BEGIN PROVIDED INFORMATION
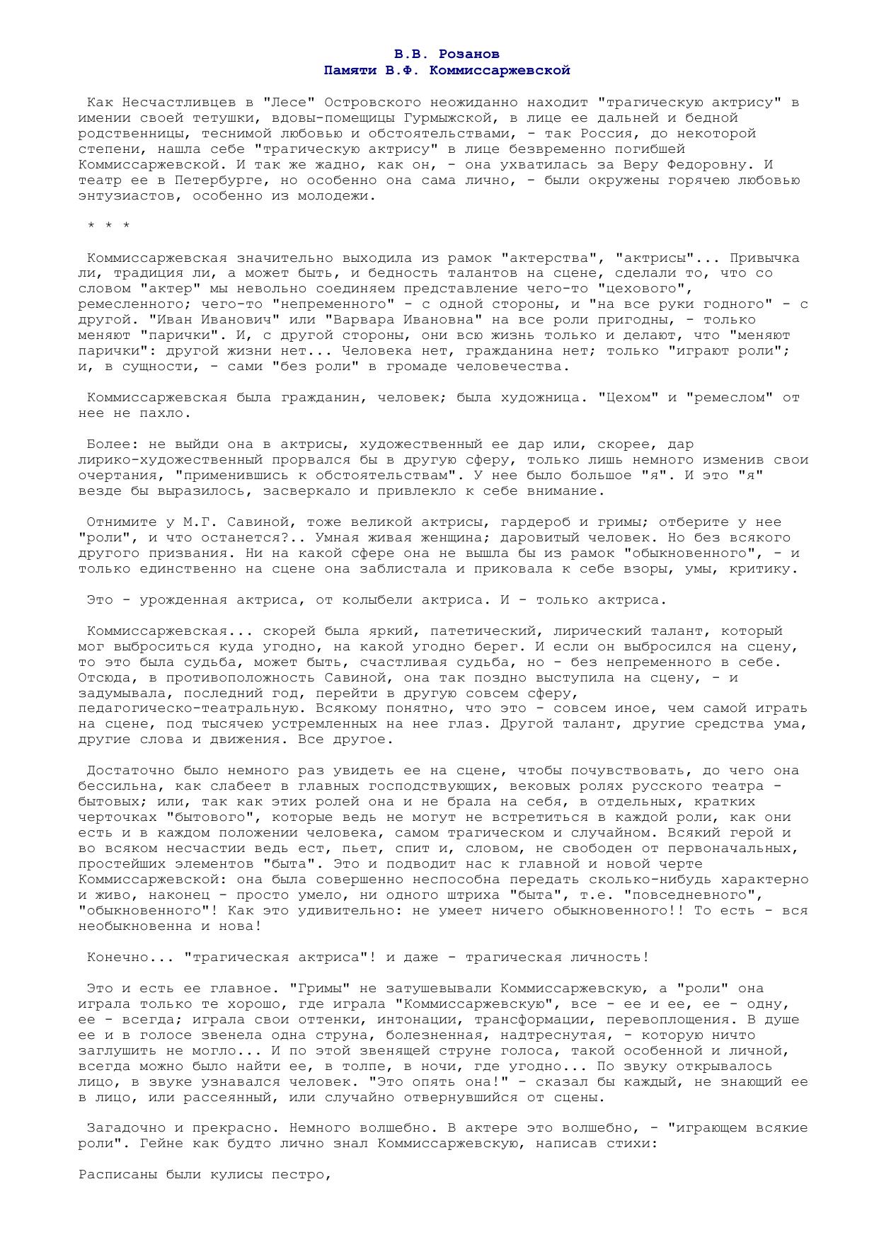 Памяти В.Ф.Комиссаржевской
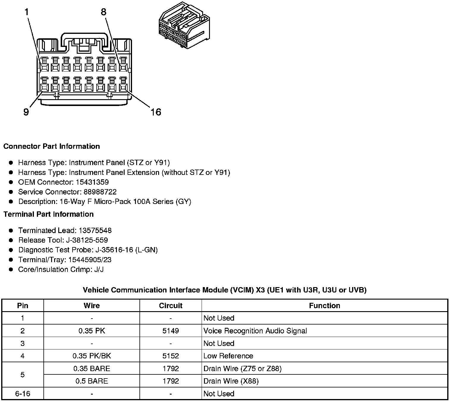 Vehicle Communication Interface Module (VCIM) X3 (UE1 with U3R, U3U or UVB)
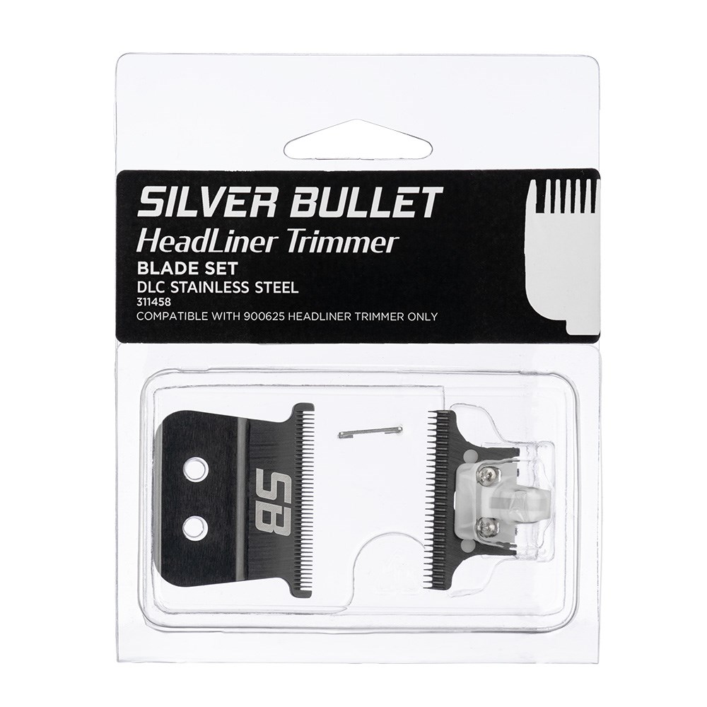 Blade set for the Silver Bullet HeadLiner Hair Trimmer. This blade set includes a fixed blade and moving blade made from DLC stainless steel. Ultra-close cutting. Compatible with Silver Bullet HeadLiner Trimmer only. Easy to replace.
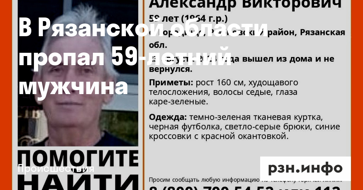 59-летний Александр Феоктистов из села Городище в Рыбновского районе пропал 23 августа. Он вышел из дома и не вернулся.
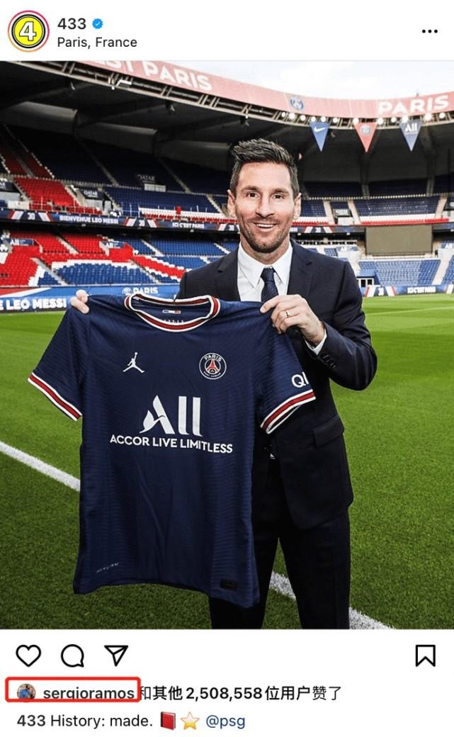 而在梅西加盟巴黎之后,有权威媒体在社交账号上发布了一张拉莫斯与梅西从死敌变队友的趣图,拉莫斯本人看到之后,也非常认可的点了赞。不仅仅如此,拉莫斯还点赞了梅西展示巴黎球衣的照片。显然,“水爷”也十分欢迎梅西的到来。
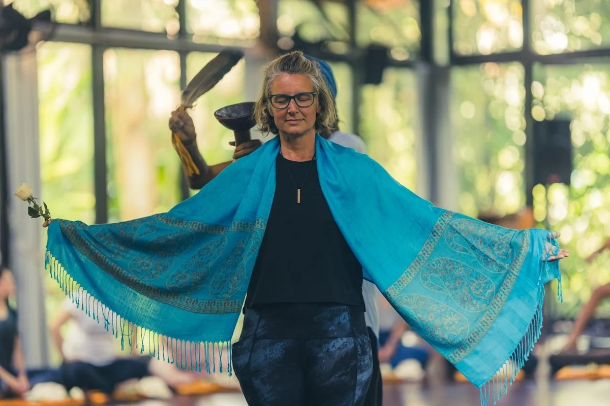 Kez was the one who jumped up at my certification ceremony and danced with me. I was the one who dumped a basket of flowers on his head and when all the endless hours on the mats, in the shala, were finally over, it was Kez and me in the dressing room, just smiling at each other with those stupid grins on our faces that always mean, “I see you over there, leveling up and shedding old selves, you crazy motherfucker, you. I am here and I am your witness.”
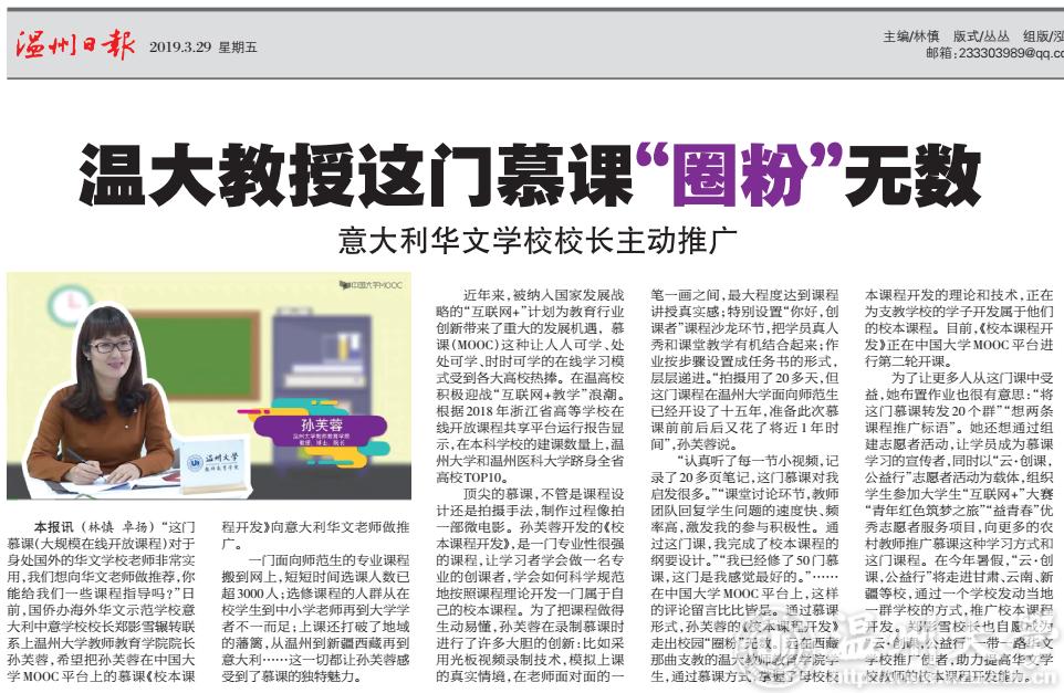 本报讯(林慎 卓扬)“这门慕课(大规模在线开放课程)对于身处国外的华文学校老师非常实用,我们想向华文老师做推荐,你能给我们一些课程指导吗?”日前,国侨办海外华文示范学校意大利中意学校校长郑影雪辗转联系上星空平台教师教育学院院长孙芙蓉,希望把孙芙蓉在中国大学MOOC平台上的慕课《校本课程开发》向意大利华文老师做推广。
END PROVIDED INFORMATION
__TASK OBJECTIVE__:
Transcribe the entries above exactly, from their first line through the line with "而在梅西加盟巴黎之后,有权威", and omit all pictures.

__SOLUTION TO THE EXERCISE__:
 Памяти В.Ф.Комиссаржевской
 Vehicle Communication Interface Module (VCIM) X3 (UE1 with U3R, U3U or UVB)
 Blade set for the Silver Bullet HeadLiner Hair Trimmer. This blade set includes a fixed blade and moving blade made from DLC stainless steel. Ultra-close cutting. Compatible with Silver Bullet HeadLiner Trimmer only. Easy to replace.
 59-летний Александр Феоктистов из села Городище в Рыбновского районе пропал 23 августа. Он вышел из дома и не вернулся.
 而在梅西加盟巴黎之后,有权威媒体在社交账号上发布了一张拉莫斯与梅西从死敌变队友的趣图,拉莫斯本人看到之后,也非常认可的点了赞。不仅仅如此,拉莫斯还点赞了梅西展示巴黎球衣的照片。显然,“水爷”也十分欢迎梅西的到来。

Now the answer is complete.